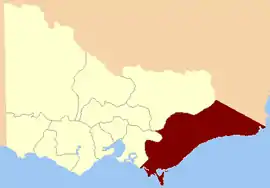 The area of Gipps' Land was defined as: "Bounded on the south and east by the sea on the north by a line running in a westerly direction from Cape Howe to the source of the nearest tributary of the Murray and the Australian Alps again on the west by the Alps and the Counties of Evelyn and Mornington."[1]
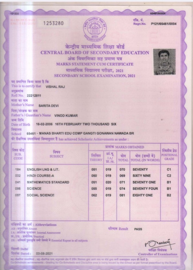 | Exam | Full Marks | Pass Marks | Marks Obtained |
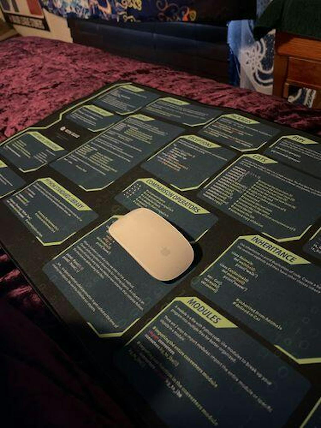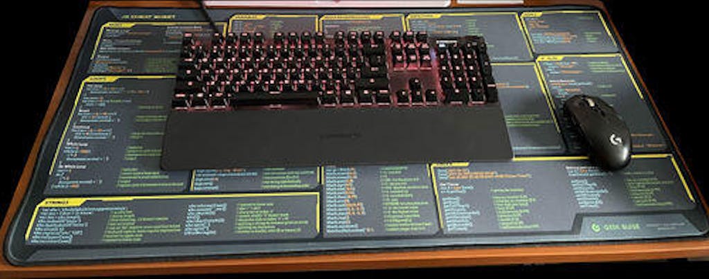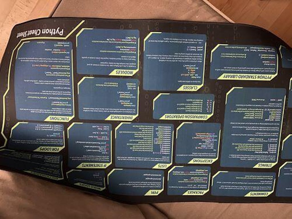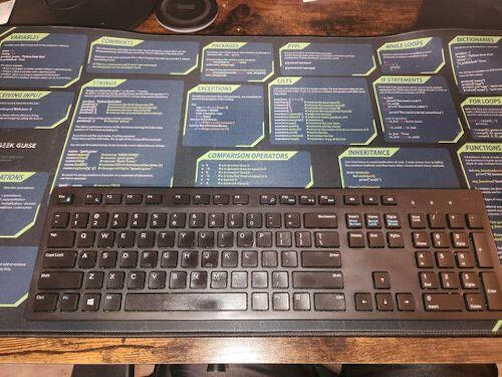My review of the python desk mat. This mat is an excellent addition to your desk, if you are a developer. I've been looking for something like this for ages and I finally saw this on facebook 2 weeks ago. It's smooth and works well with my mouse. I find it helpful when I am doing back end development. The mat feels like good quality and I don't think it will have any significant wear and tear in a couple of year. I spilled a bit of coffee on due to the smooth surface it can easily be wiped off. The text is easy to read. I added a controller for size. 5 stars.
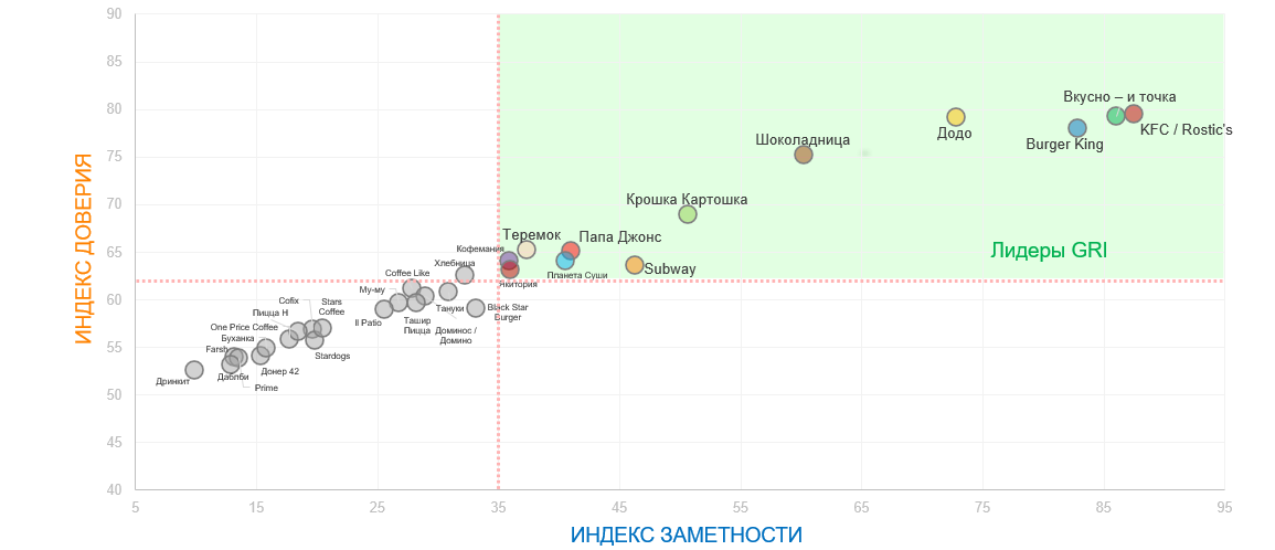 Говоря о рынке общественного питания в целом, стоит отметить, что сети быстрого питания Вкусно – и точка, KFC/Rostic’s и Burger King образуют тройку лидеров по индексам заметности и доверия. На одном уровне с ними по уровню доверия находится сеть пиццерий Додо, но уступает по показателю заметности. В группу популярных заведений также входят: Шоколадница, Крошка Картошка, Subway, Папа Джонс, Теремок, Планета Суши, Якитория и Кофемания. В целом, чем лучше население знает заведение, тем больше ему доверяет.
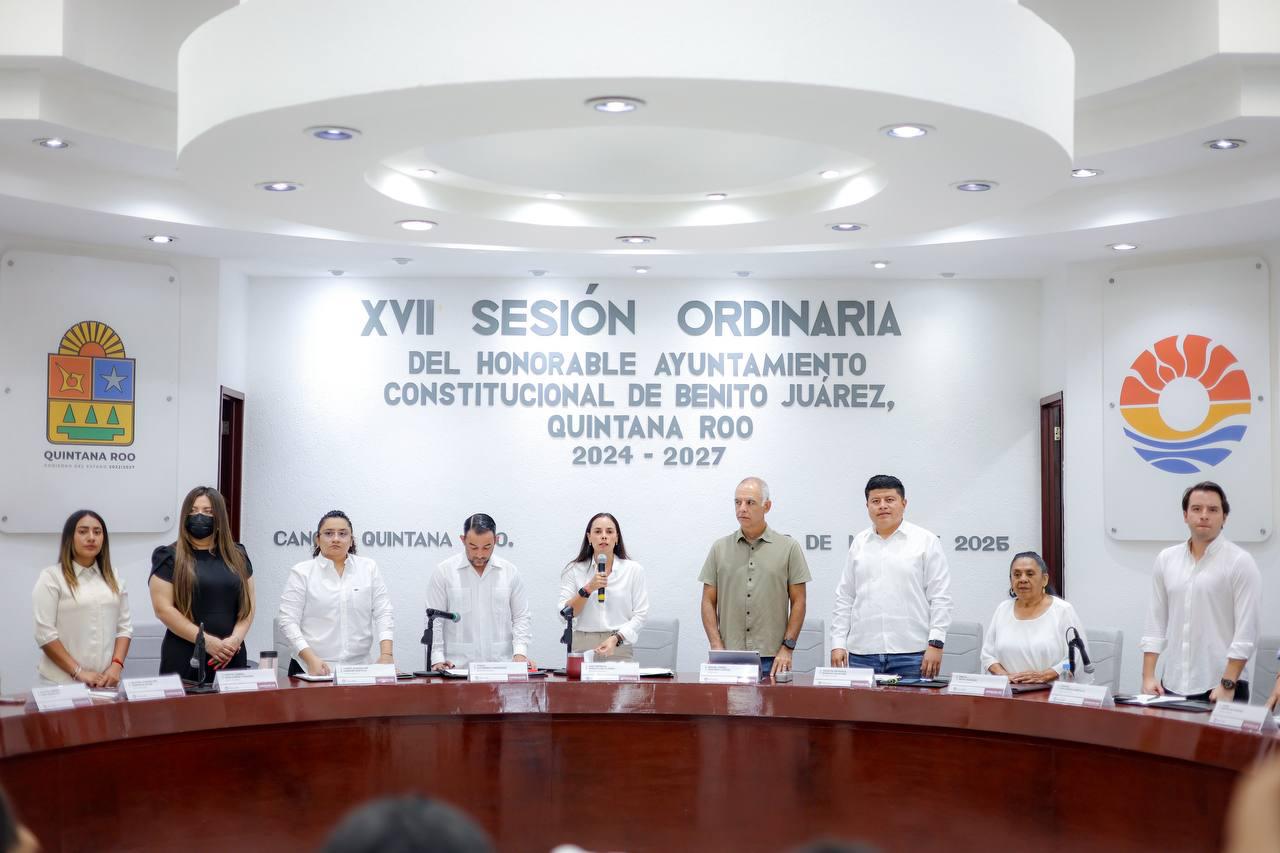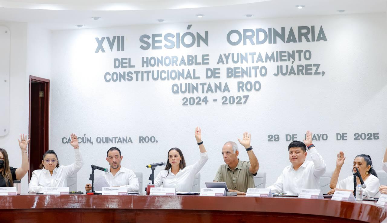 Cancún, Q. R., a 29 de mayo de 2025.- Por iniciativa de la Presidenta Municipal, Ana Paty Peralta, el Cabildo de Benito Juárez aprobó por unanimidad modificaciones a diversos artículos del Bando de Gobierno y Policía en materia de horarios de funcionamiento de establecimientos comerciales y de servicios, principalmente aquellos dedicados a la venta y consumo de bebidas alcohólicas, a efecto de preservar el orden público, la seguridad ciudadana y la tranquilidad de las familias cancunenses.
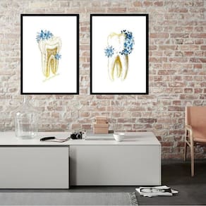Kit 2 quadros dentes floral - 60x48cm Moldura: madeira branca Informações do produto tire todas as suas dúvidas no descritivo abaixo: decoração para quarto, sala, cozinha, escritório, área gourmet e muito mais. Chega de paredes vazias medidas - cada peça tem 60x48cm . Material do papel - papel fotográfico brilhante de altíssima resolução acabamento - todos os quadros são acompanhados de vidro para proteção da imagem. - moldura em madeira maciça na cor preta ou branca conforme produto escolhido e pendurador. - paspatur branco com 7cm de largura - os quadros são embalados de forma segura com plástico bolha com camada dupla de acordo com o tamanho dos quadros. - de 3 meses. Meu quadro chegou. Como posso fixá-lo Você precisa apenas de um martelo e um prego, pois os quadros já vão acompanhados de penduradores. Esta é a forma mais indicada. Como posso limpar meu quadro A limpeza é feita como um móvel comum da sua casa. Apenas um pano seco ou espanador são suficientes para tal Marca: Não Informado Ean: 7898970720300
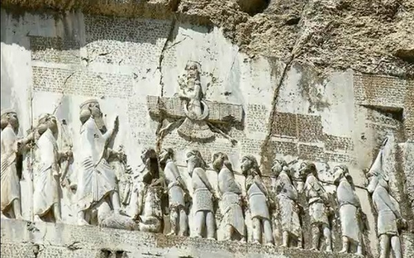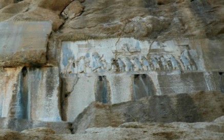 There is a most significant sculpture located at Mount Bisotoun. Kermanshah, Iran. This sculpture depicts the captivity of the Khumriym.
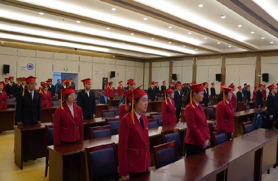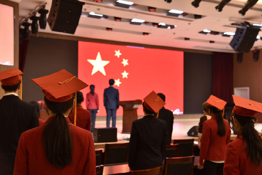 仪式在高昂的国歌声中开始,现场学生肃立,升国旗,奏唱国歌。

□ □ □

**Exercise brief**. Drop the images; restate the listing exactly.

**Solution for this problem**.
 The area of Gipps' Land was defined as: "Bounded on the south and east by the sea on the north by a line running in a westerly direction from Cape Howe to the source of the nearest tributary of the Murray and the Australian Alps again on the west by the Alps and the Counties of Evelyn and Mornington."[1]
 | Exam | Full Marks | Pass Marks | Marks Obtained |
My review of the python desk mat. This mat is an excellent addition to your desk, if you are a developer. I've been looking for something like this for ages and I finally saw this on facebook 2 weeks ago. It's smooth and works well with my mouse. I find it helpful when I am doing back end development. The mat feels like good quality and I don't think it will have any significant wear and tear in a couple of year. I spilled a bit of coffee on due to the smooth surface it can easily be wiped off. The text is easy to read. I added a controller for size. 5 stars.
 Говоря о рынке общественного питания в целом, стоит отметить, что сети быстрого питания Вкусно – и точка, KFC/Rostic’s и Burger King образуют тройку лидеров по индексам заметности и доверия. На одном уровне с ними по уровню доверия находится сеть пиццерий Додо, но уступает по показателю заметности. В группу популярных заведений также входят: Шоколадница, Крошка Картошка, Subway, Папа Джонс, Теремок, Планета Суши, Якитория и Кофемания. В целом, чем лучше население знает заведение, тем больше ему доверяет.
 Cancún, Q. R., a 29 de mayo de 2025.- Por iniciativa de la Presidenta Municipal, Ana Paty Peralta, el Cabildo de Benito Juárez aprobó por unanimidad modificaciones a diversos artículos del Bando de Gobierno y Policía en materia de horarios de funcionamiento de establecimientos comerciales y de servicios, principalmente aquellos dedicados a la venta y consumo de bebidas alcohólicas, a efecto de preservar el orden público, la seguridad ciudadana y la tranquilidad de las familias cancunenses.
Kit 2 quadros dentes floral - 60x48cm Moldura: madeira branca Informações do produto tire todas as suas dúvidas no descritivo abaixo: decoração para quarto, sala, cozinha, escritório, área gourmet e muito mais. Chega de paredes vazias medidas - cada peça tem 60x48cm . Material do papel - papel fotográfico brilhante de altíssima resolução acabamento - todos os quadros são acompanhados de vidro para proteção da imagem. - moldura em madeira maciça na cor preta ou branca conforme produto escolhido e pendurador. - paspatur branco com 7cm de largura - os quadros são embalados de forma segura com plástico bolha com camada dupla de acordo com o tamanho dos quadros. - de 3 meses. Meu quadro chegou. Como posso fixá-lo Você precisa apenas de um martelo e um prego, pois os quadros já vão acompanhados de penduradores. Esta é a forma mais indicada. Como posso limpar meu quadro A limpeza é feita como um móvel comum da sua casa. Apenas um pano seco ou espanador são suficientes para tal Marca: Não Informado Ean: 7898970720300
 There is a most significant sculpture located at Mount Bisotoun. Kermanshah, Iran. This sculpture depicts the captivity of the Khumriym.
 仪式在高昂的国歌声中开始,现场学生肃立,升国旗,奏唱国歌。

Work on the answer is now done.